I grabbed my coat and left, heading to the café near our old place—where Isabella and I used to share coffees in the mornings, waiting for traffic lights.

She wasn’t there—not yet. But I stayed.

I ordered two espresso shots, no sugar.

And waited.

Two hours passed.

I debated going in, the weight of undone conversations pressing on me.

But then I saw her.

Isabella.

She moved slowly, mascara smudged in one corner. Her hair was tied back carelessly. She looked… other. Different. Not my Isabella—but hers.

My chest tightened.

She passed the table. Should I speak? Should I call her name?

I stayed silent.

She approached the counter to order. I held my breath.

She paused.

She turned slowly and our  eyes met.

Her eyes.

She looked at me with cautious shock—and something deeper. Recognition? Fear? Confusion?

Neither of us moved.

Then she got her coffee and turned away too quickly.

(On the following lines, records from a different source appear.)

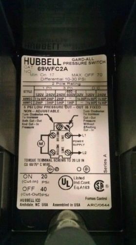 NEW Furnas 69WRS Reverse Action Pressure Switch 1/4" NPTF Cut in 10 Out 5 69WR5
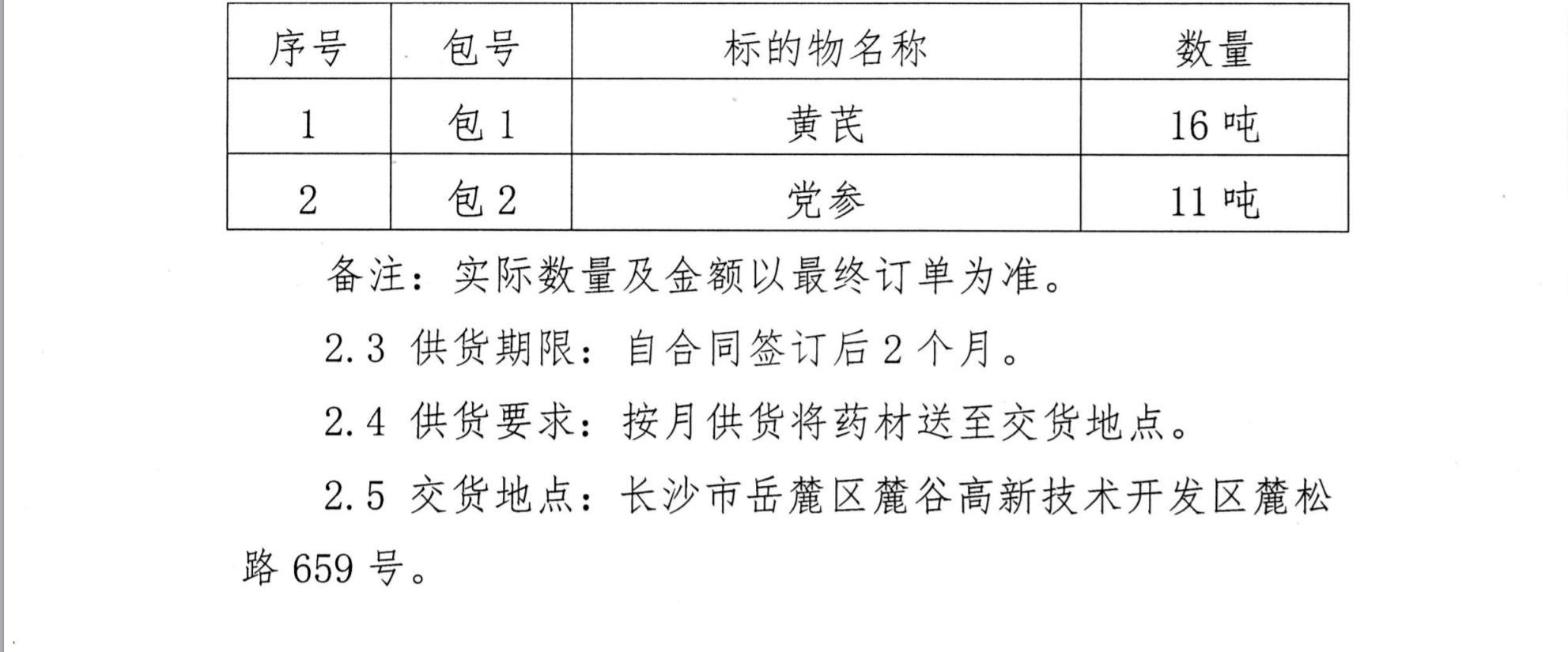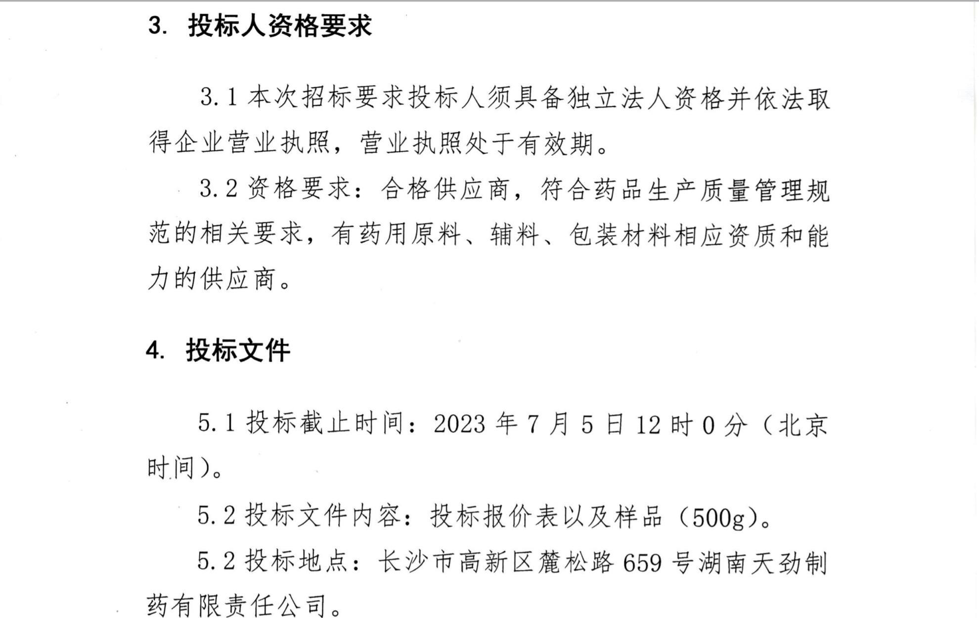 湖南天劲制药有限责任公司药材采购招标公告
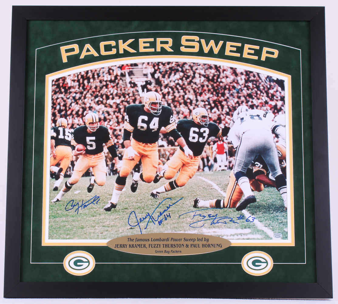 Packer Sweep 24x26 Custom Framed Photo Display Signed by Paul Hornung, Jerry Kramer & Fuzzy Thurston (Stacks Of Plaques)
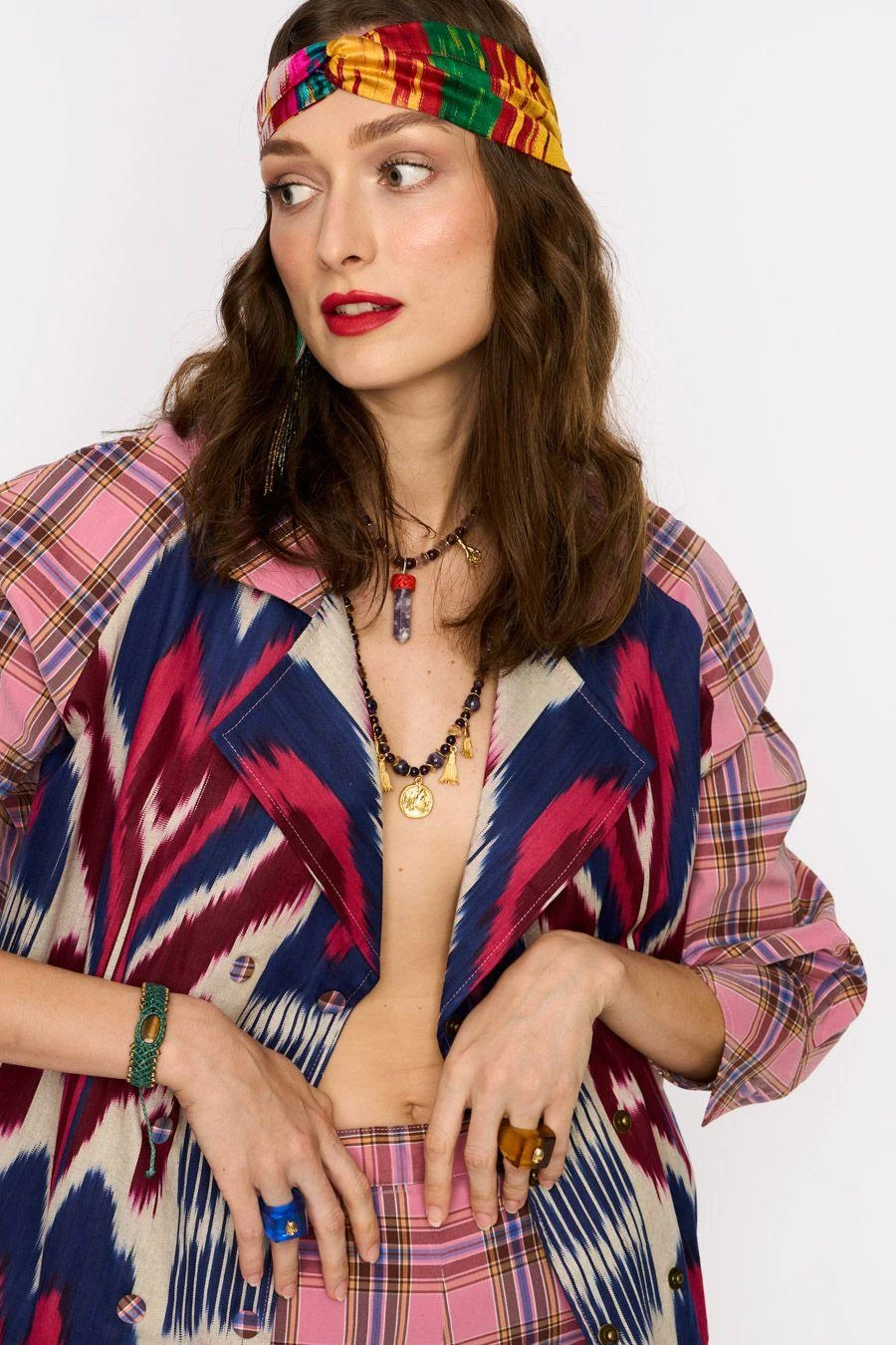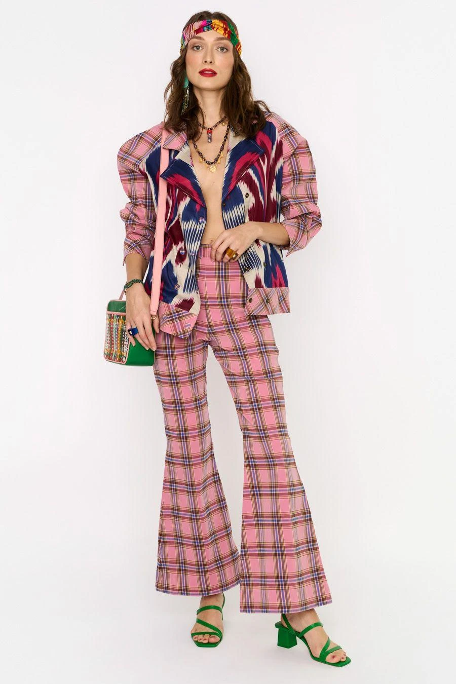 Crafted in cotton lycra, these flared pants feature a checkered print all over. Pair it with the Pink Uzbeki ikat bomber jacket from the collection to complete the set.
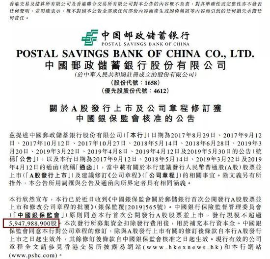 今天晚间,邮储银行在港交所公告,银保监会原则同意首次公开发行A股股票并上市,发行规模不超59.48亿股。
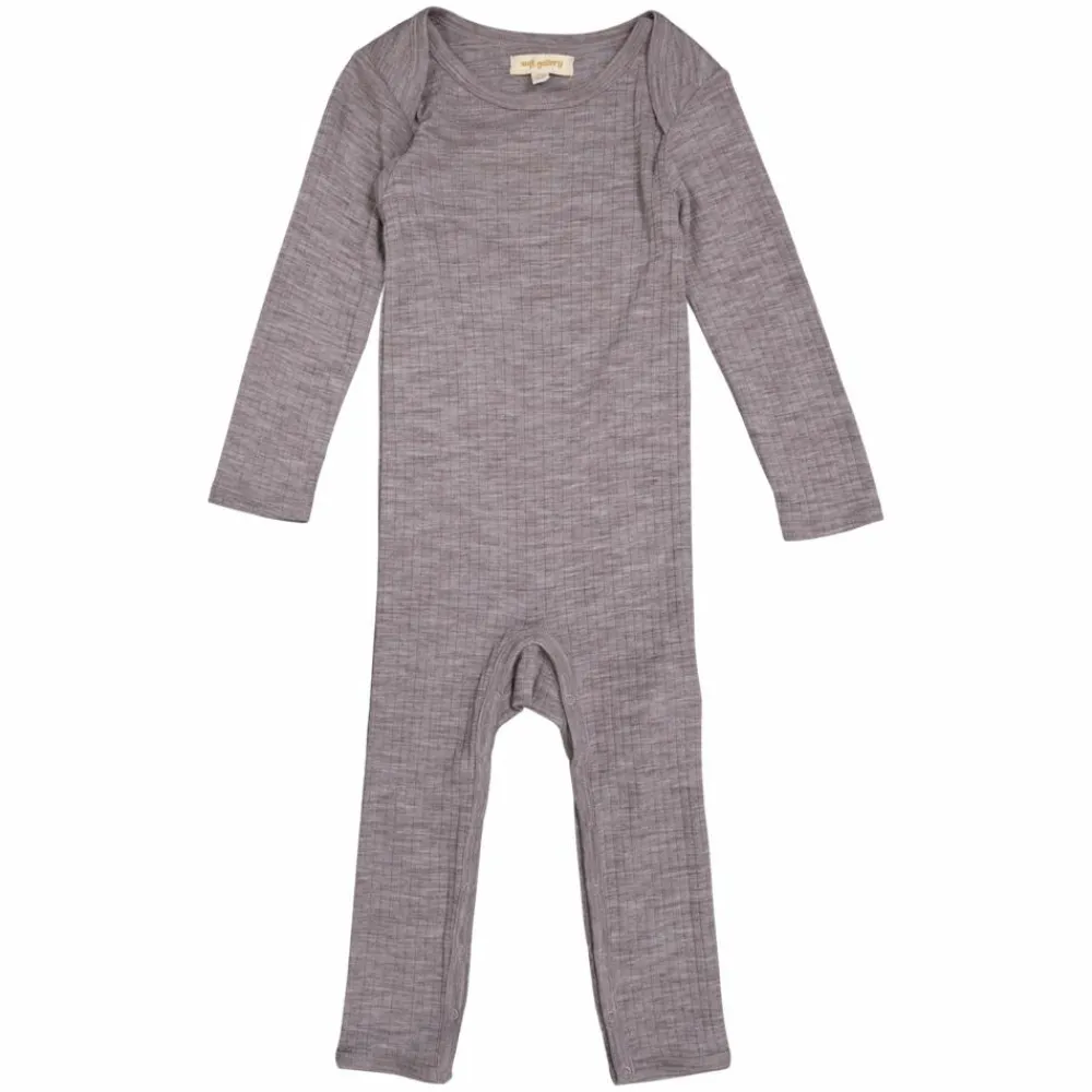 Soft Gallery baby heldragt i meleret lys brun. Heldragten har lange ærmer og ben og bred rib struktur. Den er lavet i det blødeste merinould og er særdeles strækbar. Dragten lukkes med trykknapper langs benene og i skridtet.
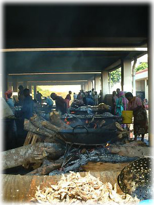 市場の奥にはどでかい鍋で魚のフライを作る「フライ工場」が。しかしこの暑い中に揚げ物とは! マジでしゃれにならないぐらい暑かった |
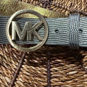 Michael Kors Logo Belt Leather Faux Croc Reptile Gray Silver Tone Buckle L 39”

I wanted to run after her. Stop her. Ask a thousand questions.

I didn’t.

When I returned home, the ring was back on the desk—placed so neatly it looked deliberate. No note.

My phone buzzed again.

Unknown number.

Reluctantly, I pressed answer.

“Do you remember?” the voice said—same modulated tone.

My heart pounded.

“How could I forget?” I whispered into the void of the silent apartment.